◆ EXERCISE MATERIAL
———

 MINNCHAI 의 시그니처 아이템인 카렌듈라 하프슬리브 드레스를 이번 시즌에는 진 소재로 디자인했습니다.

———

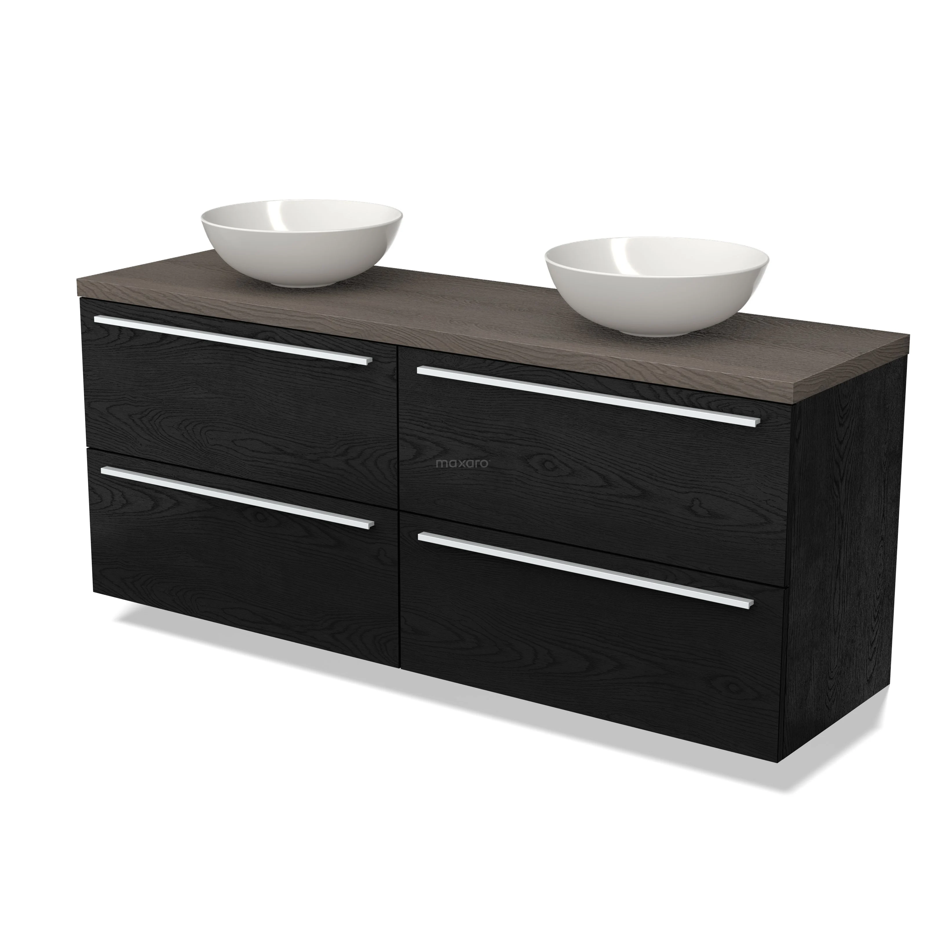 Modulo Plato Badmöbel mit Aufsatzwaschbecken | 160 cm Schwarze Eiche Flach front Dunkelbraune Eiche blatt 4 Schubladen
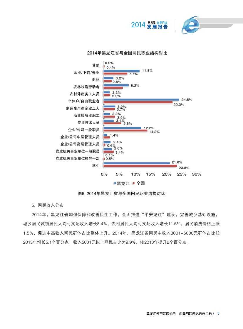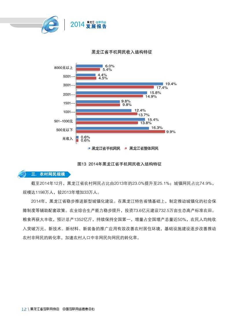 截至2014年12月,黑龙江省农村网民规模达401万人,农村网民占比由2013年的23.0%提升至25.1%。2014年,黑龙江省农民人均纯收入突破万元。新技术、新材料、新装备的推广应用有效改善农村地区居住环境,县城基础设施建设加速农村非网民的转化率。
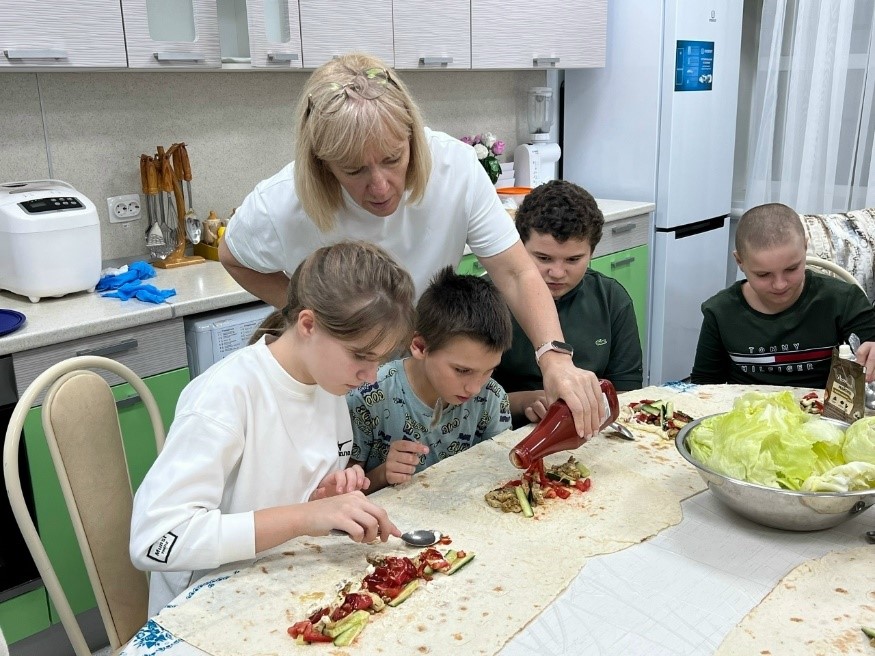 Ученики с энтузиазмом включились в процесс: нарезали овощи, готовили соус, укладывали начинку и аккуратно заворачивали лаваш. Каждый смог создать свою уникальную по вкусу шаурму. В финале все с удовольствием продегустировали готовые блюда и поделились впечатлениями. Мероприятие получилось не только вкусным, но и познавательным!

———

◆ PROBLEM
While skipping the pictures, transcribe the data above from the line showing "截至2014年12月,黑龙江" through the line showing "Ученики с энтузиазмом", exactly and with both ends.

◆ SOLUTION
 截至2014年12月,黑龙江省农村网民规模达401万人,农村网民占比由2013年的23.0%提升至25.1%。2014年,黑龙江省农民人均纯收入突破万元。新技术、新材料、新装备的推广应用有效改善农村地区居住环境,县城基础设施建设加速农村非网民的转化率。
 Ученики с энтузиазмом включились в процесс: нарезали овощи, готовили соус, укладывали начинку и аккуратно заворачивали лаваш. Каждый смог создать свою уникальную по вкусу шаурму. В финале все с удовольствием продегустировали готовые блюда и поделились впечатлениями. Мероприятие получилось не только вкусным, но и познавательным!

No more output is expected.